== Segment start ==
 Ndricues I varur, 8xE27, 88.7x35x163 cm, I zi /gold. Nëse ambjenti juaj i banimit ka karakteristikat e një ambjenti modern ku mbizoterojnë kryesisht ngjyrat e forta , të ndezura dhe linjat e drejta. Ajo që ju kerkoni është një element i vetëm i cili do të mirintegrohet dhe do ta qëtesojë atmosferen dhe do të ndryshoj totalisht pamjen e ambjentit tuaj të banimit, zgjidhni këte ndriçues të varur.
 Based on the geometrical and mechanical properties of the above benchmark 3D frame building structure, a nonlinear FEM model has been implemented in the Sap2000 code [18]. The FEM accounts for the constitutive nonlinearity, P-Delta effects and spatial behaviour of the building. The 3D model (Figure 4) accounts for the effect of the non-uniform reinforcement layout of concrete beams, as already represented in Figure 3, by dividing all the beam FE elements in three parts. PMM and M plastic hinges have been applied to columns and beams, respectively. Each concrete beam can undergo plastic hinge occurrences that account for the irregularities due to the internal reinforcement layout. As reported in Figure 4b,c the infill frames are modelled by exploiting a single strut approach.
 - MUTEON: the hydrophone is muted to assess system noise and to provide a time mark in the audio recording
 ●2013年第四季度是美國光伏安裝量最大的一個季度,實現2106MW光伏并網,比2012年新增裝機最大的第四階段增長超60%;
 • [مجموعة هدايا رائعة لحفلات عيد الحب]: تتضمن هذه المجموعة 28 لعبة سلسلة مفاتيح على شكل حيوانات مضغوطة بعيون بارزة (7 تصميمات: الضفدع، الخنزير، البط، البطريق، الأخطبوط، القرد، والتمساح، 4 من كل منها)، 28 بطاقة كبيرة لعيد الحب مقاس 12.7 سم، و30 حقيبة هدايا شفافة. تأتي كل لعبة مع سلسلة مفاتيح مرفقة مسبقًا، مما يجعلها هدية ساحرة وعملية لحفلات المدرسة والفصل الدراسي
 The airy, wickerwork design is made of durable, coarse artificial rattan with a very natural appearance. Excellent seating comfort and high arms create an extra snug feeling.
== Segment end ==
== Segment start ==
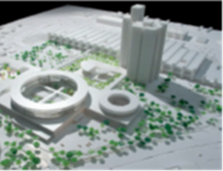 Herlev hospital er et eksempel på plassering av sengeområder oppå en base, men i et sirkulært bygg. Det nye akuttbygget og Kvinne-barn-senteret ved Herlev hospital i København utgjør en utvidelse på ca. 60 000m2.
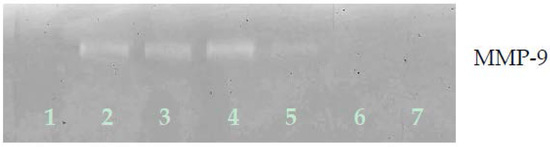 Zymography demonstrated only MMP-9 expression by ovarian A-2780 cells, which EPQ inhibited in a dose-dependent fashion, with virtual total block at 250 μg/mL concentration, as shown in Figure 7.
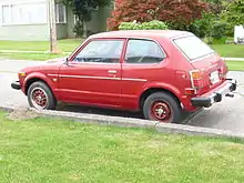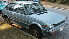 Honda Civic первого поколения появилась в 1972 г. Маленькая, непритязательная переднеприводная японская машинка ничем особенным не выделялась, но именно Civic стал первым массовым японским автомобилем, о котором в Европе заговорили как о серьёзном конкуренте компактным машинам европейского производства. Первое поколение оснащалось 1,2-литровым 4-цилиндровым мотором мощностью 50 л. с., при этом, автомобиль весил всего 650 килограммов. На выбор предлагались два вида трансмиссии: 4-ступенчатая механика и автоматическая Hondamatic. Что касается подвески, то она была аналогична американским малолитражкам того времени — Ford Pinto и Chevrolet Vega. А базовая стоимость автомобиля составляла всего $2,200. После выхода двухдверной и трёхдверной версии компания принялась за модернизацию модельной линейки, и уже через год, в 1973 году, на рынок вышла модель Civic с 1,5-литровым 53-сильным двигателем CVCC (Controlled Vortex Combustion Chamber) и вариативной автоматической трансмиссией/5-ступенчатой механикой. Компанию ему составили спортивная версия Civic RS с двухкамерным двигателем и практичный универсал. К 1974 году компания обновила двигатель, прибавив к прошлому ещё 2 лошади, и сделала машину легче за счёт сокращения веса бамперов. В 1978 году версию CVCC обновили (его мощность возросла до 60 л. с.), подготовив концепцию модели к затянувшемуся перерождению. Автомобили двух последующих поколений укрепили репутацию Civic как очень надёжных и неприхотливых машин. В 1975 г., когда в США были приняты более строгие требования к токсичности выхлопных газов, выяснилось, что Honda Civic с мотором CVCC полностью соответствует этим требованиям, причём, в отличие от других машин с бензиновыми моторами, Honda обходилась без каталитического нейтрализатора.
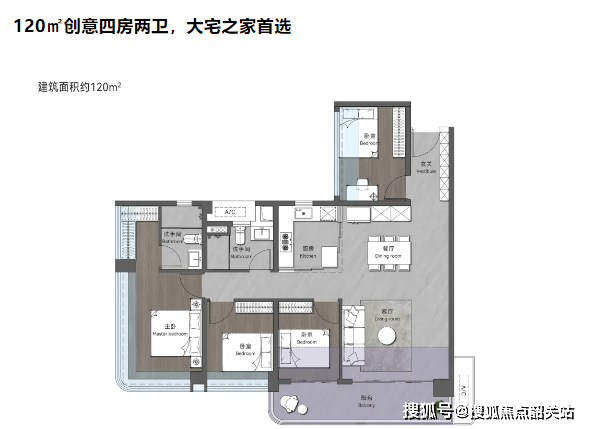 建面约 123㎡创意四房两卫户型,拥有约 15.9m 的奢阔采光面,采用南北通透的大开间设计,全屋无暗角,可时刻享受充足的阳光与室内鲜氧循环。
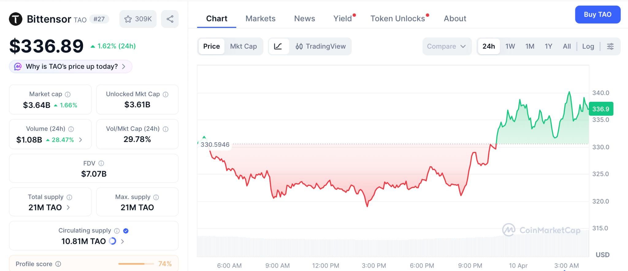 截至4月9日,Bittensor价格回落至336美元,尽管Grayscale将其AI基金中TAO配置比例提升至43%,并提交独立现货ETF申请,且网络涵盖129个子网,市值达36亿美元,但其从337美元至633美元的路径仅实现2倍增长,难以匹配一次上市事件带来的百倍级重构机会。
== Segment end ==
== Segment start ==
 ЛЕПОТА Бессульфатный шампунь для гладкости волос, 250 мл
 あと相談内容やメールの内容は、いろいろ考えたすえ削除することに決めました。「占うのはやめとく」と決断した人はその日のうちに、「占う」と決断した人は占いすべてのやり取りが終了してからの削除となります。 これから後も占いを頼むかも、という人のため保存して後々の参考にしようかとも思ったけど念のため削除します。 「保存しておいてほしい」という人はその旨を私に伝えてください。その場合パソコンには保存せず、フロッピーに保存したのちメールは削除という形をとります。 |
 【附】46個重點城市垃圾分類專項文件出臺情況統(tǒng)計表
== Segment end ==
* _Directions for this task_
In the listing above, locate the line containing "- MUTEON: the" and the line containing "The airy, wickerwork", then transcribe both and every line between them verbatim.

* _Result of the task_
 - MUTEON: the hydrophone is muted to assess system noise and to provide a time mark in the audio recording
 ●2013年第四季度是美國光伏安裝量最大的一個季度,實現2106MW光伏并網,比2012年新增裝機最大的第四階段增長超60%;
 • [مجموعة هدايا رائعة لحفلات عيد الحب]: تتضمن هذه المجموعة 28 لعبة سلسلة مفاتيح على شكل حيوانات مضغوطة بعيون بارزة (7 تصميمات: الضفدع، الخنزير، البط، البطريق، الأخطبوط، القرد، والتمساح، 4 من كل منها)، 28 بطاقة كبيرة لعيد الحب مقاس 12.7 سم، و30 حقيبة هدايا شفافة. تأتي كل لعبة مع سلسلة مفاتيح مرفقة مسبقًا، مما يجعلها هدية ساحرة وعملية لحفلات المدرسة والفصل الدراسي
 The airy, wickerwork design is made of durable, coarse artificial rattan with a very natural appearance. Excellent seating comfort and high arms create an extra snug feeling.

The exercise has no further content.